Buying a blender used to be simple. You go to the store, look at a variety of machines that more or less did the same thing, and then choose based on your budget. You can still do that, but if you want a little more from your blender, there are now a lot of other things to consider.
These days, aside from the brand and price, you need to think of the following:
- Purpose – When purchasing any home appliance, always start with what you plan to do with it. The same goes for blenders. If you’re looking for a blender to whip up margaritas, look for something that can crush ice. But if you’re looking for something to shred spinach for green smoothies, you’ll want something better suited for that. Those are the two extremes, with a whole range of middle-road options for people who want something more versatile. The point, you know what you need best. Let that knowledge to guide you in your decision-making.
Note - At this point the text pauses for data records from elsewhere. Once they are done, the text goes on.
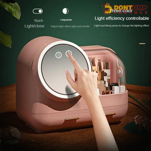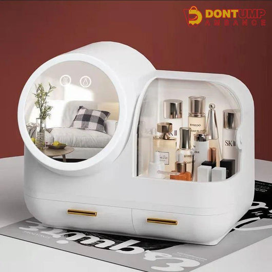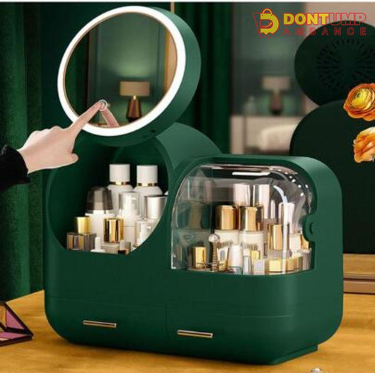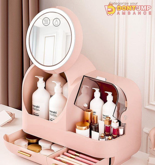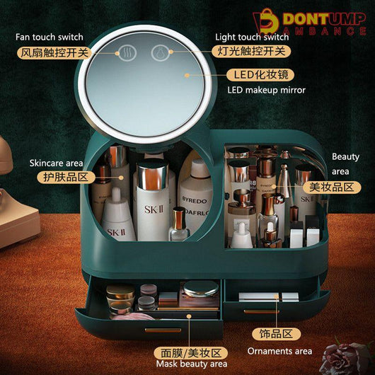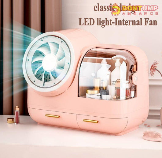 Organize your cosmetics while keeping cool with our Cosmetic Organizer. The built-in fan creates a refreshing breeze while the LED mirror provides perfect lighting. With this all-in-one organizer, you'll never have to worry about clutter or discomfort while getting ready. Expertly designed for your convenience.
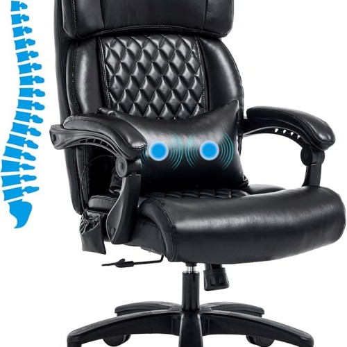 Lumbar Massage Office Chair, 500LBS Big and Tall Office Chair, Heavy Duty Ergonomic Executive Reclining Chair with High Back and Lumbar Support, Beige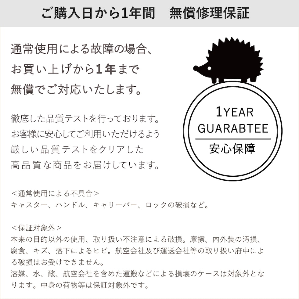 | <購入前にご確認ください> ・メーカーの意向により、付属品の収納袋や箱、製品の仕様やデザインは予告なく変更となる場合がございます。 ・下記による返品・交換はお受けすることができませんので、予めご了承ください。 └ 製品の性質上による細かいキズや塗装ムラ、気泡などがある場合。 └ 配送用の段ボールにキズ、汚れ、破損がある場合。 ・エキスパンダブル機能付きの製品は、マチ拡張時の3辺の和が機内持ち込みサイズ、預け入れ無料サイズを超える場合がございます。また、航空会社や飛行機の機種などによって規定が異なりますので、予めご確認の上お求めください。 ※機内持ち込みサイズ目安表はこちら ・摩擦・水濡れ・日焼けなどにより、色落ち・色褪せが生じる場合があります。 また、製品と衣類の接触により、相互に色移りする場合がございます。 ・柄の位置やカラーバランスなどは、生地の裁断や製造過程、素材の特性により画像とは異なる場合がございます。商品をお選びすることはできませんので、予めご了承ください。 ・極力実物に近い色味を再現しておりますが、モニター等の条件により画面上と実物では色味が異なって見える場合がございます。 |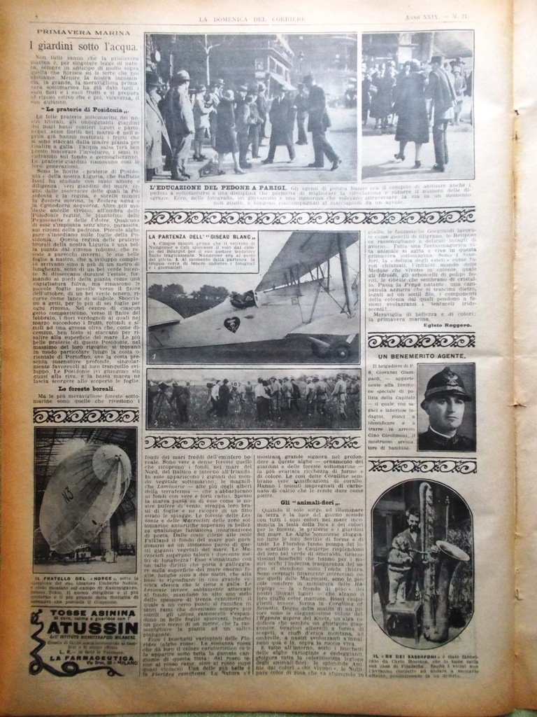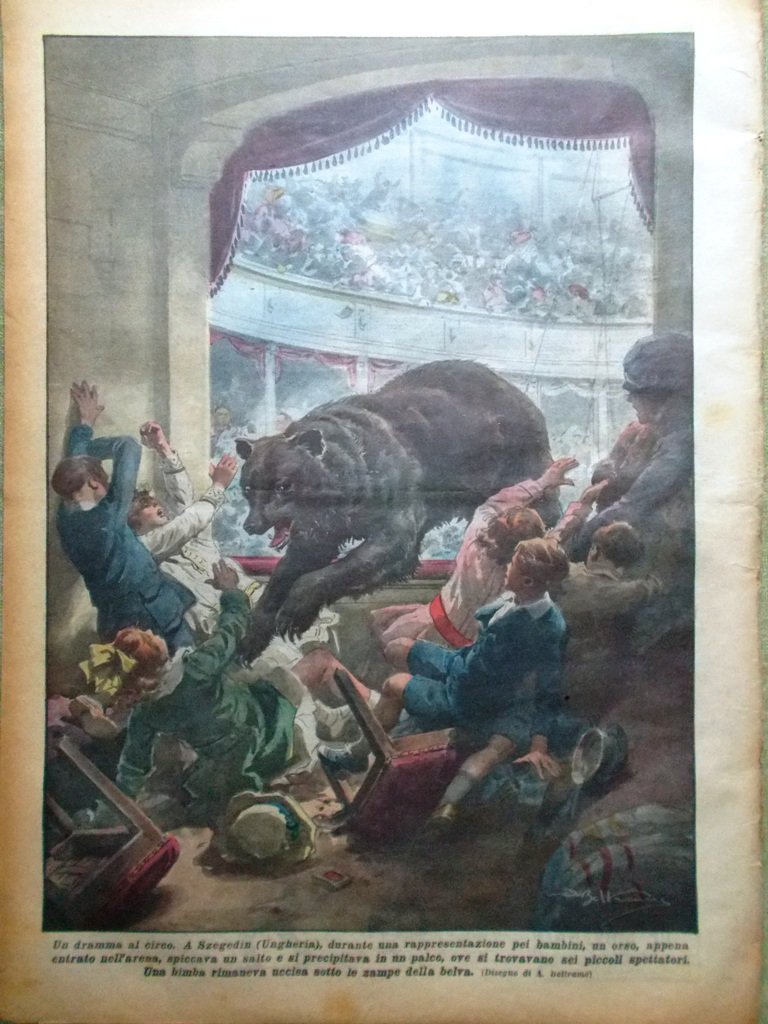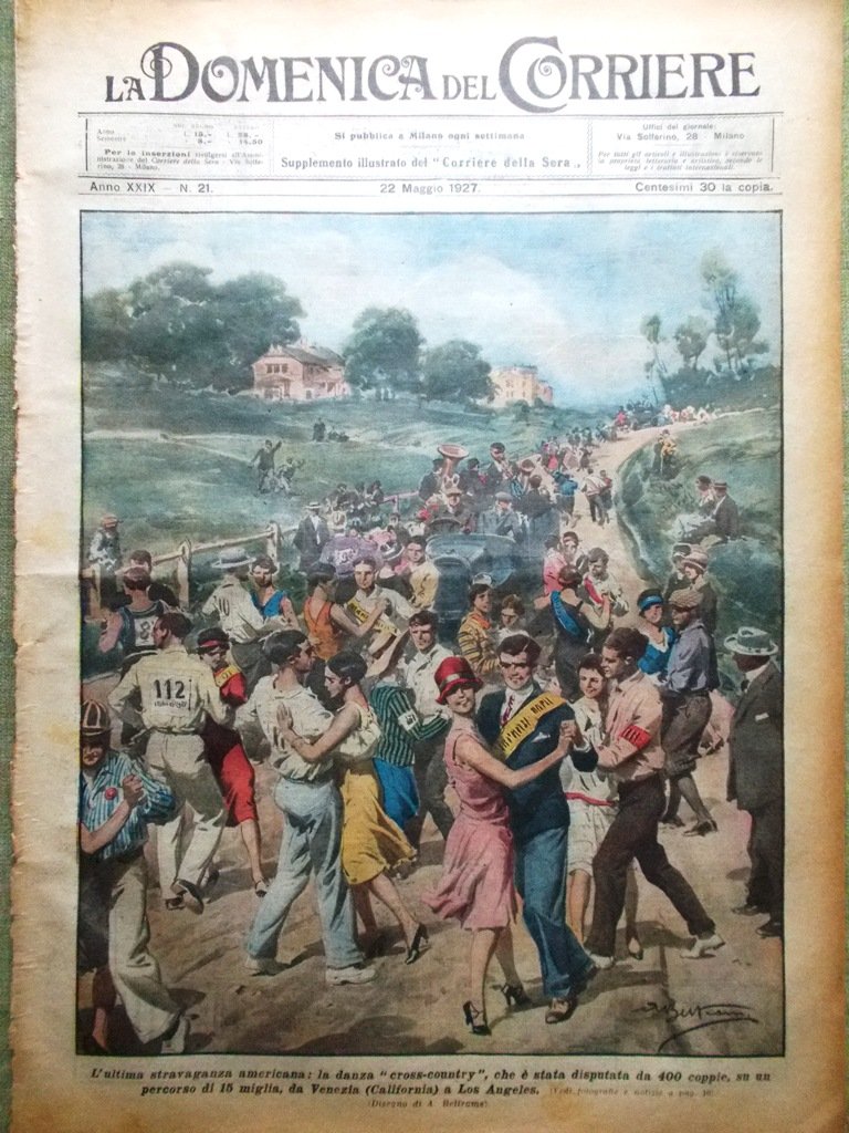 LA DOMENICA DEL CORRIERE Rivista Originale del 22 Maggio 1927 Anno 29 nr. 21 pagine: 16 dimensioni: 38 x 28 cm IN PRIMA PAGINA: L'ultima stravaganza americana: la danza "cross-country" che è stata disputata da 400 coppie, su un percorso di 15 miglia, da Venezia (California) a Los Angeles (Achille Beltrame) NELL'ULTIMA PAGINA: A Szegedin (Ungheria) durante una rappresentazione per bambini, un orso, appena entrato nell'arena, spiccava un salto e si precipitava in un palco uccidendo una bambina (Achille Beltrame) ALL'INTERNO: Il paradiso delle tigri nel Siam. La grande adunata di Siena per i fascisti. Avventure sul Mississippi. Il "faro della vittoria" sarà inaugurato a Trieste Georges Carpentier, dal ring alla ribalta. Giovanni Giampaoli un benemerito agente L'ingegnere italiano Bellanca Le curiosità delle poste e telegrafi: Costanzo Ciano, Giuseppe Pession. Il tesoro dei pirati di Trinidad CONDIZIONI DELLA RIVISTA: BUONE, NORMALI SEGNI DEL TEMPO, SOVRACOPERTINE MANCANTI NOTE PARTICOLARI: PICCOLO STRAPPETTO IN BASSO NELLA COPERTINA POSTERIORE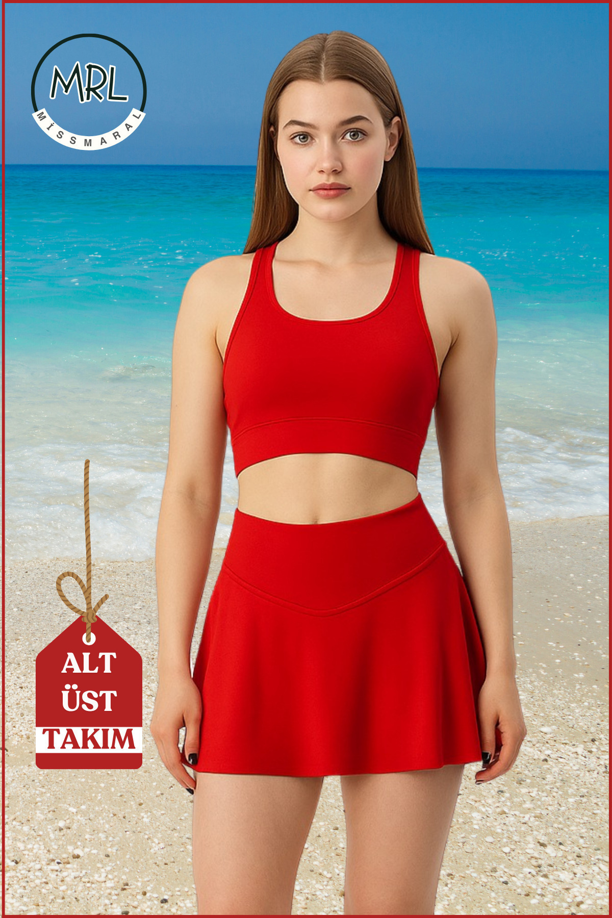 - Canlı kırmızı rengiyle dikkat çeken bu alt-üst takım, plajda ve günlük kullanımda şıklığınızı korumanızı sağlar.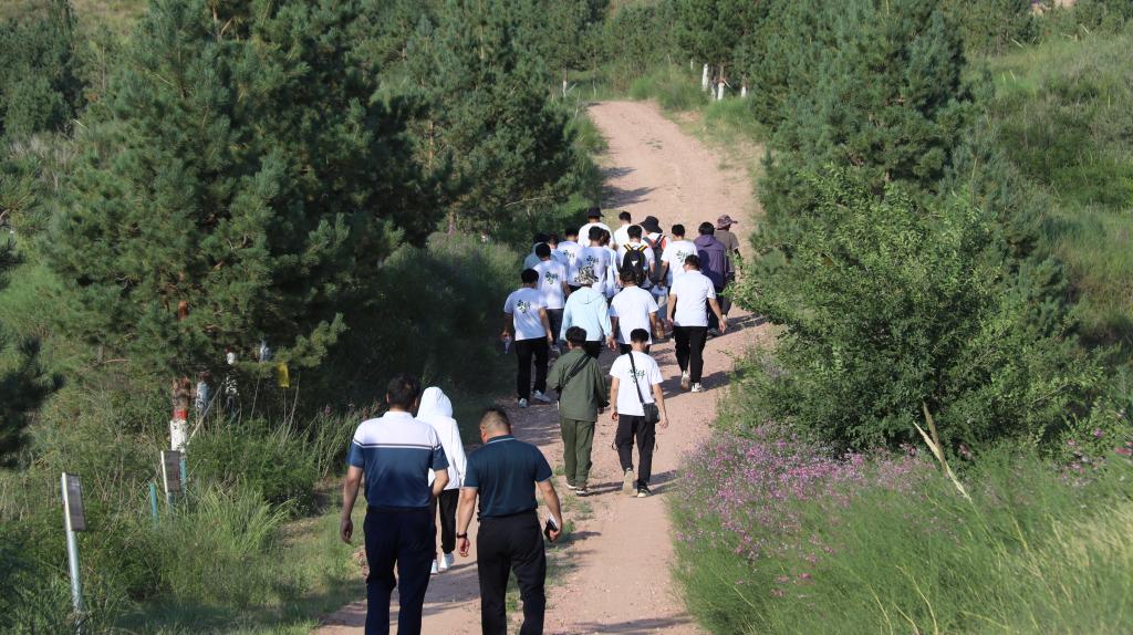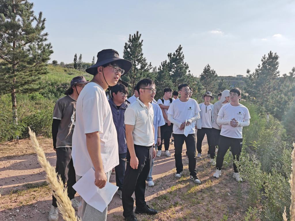 地环学院 “逐梦煤海、能源报国”赴现代化矿井调研实践团第五站深入大柳塔煤矿水土保持科技示范园,毕银丽教授课题组四名研究生带领实践团师生进行实地调研。

- Speed – Most blenders come with a range of speeds. Old-school blenders include buttons that control how fast the blades spin, delivering results ranging from chopping to liquefying. We’re not talking about that. Rather than focusing on the end product, focus on the kinds of ingredients you plan to use. Combined with the next criterion, knowing what you plan to blend means being better able to determine how fast your blender needs to spin and what kind of blades it should use.
- Types of blades – The earliest blenders were two or four sharp blades sitting at the bottom of a jar. That’s still a tried-and-tested design, but blades now come in a range of materials from stainless steel to diamond. Some blender brands even claim that you don’t even want sharp blades because dull blades produce superior drinks. Before you try to sort this all out, know what kind of ingredients you’ll be blending. Some blade columns are better suited for crushing, but do a terrible job of shredding. Some do well at shredding greens, but not so well at mixing thick liquids.
- Ease of cleaning – Using a blender is inherently messy. It involves spinning blades at the bottom of a jug to mix ingredients. Some old sitcoms have famous scenes in which characters unwittingly look into a blender, only to have what they’re mixing shoot up all over their faces. Thus, cleaning up will definitely be an issue. Some blenders are easy to clean. Some require a process that involves removing the bottom of the jar to clean the individual components. You might need to pay a little more for one that’s easier to clean, but if you value efficiency and convenience, it might be worth the investment.
- Size – You have a lot of size options available when looking at blenders. Some big ones are loaded with features, but can cost a lot of money and take up a lot of space. Which size to pick does not only depend on how much counter space you can spare, but whether you might also need something you can take with you.
- Price – This is always a consideration. If you have cash to burn, it might not be all that important. But if you’re on a tight budget, you need to shop mindfully. If you save a few dollars buying a blender that’s not suitable for your purposes, you’ve saved money buying a pricey paperweight. Generally speaking, the more features you want, the more your blender will cost.
The key to a successful blender purchase is first knowing what you’re going to do with it. If you don’t start with that, you may not get it right. Once you’ve figured that out, you can make your choice based on what you’re blending, how easy it is to clean, how big or portable it needs to be, and how much it costs.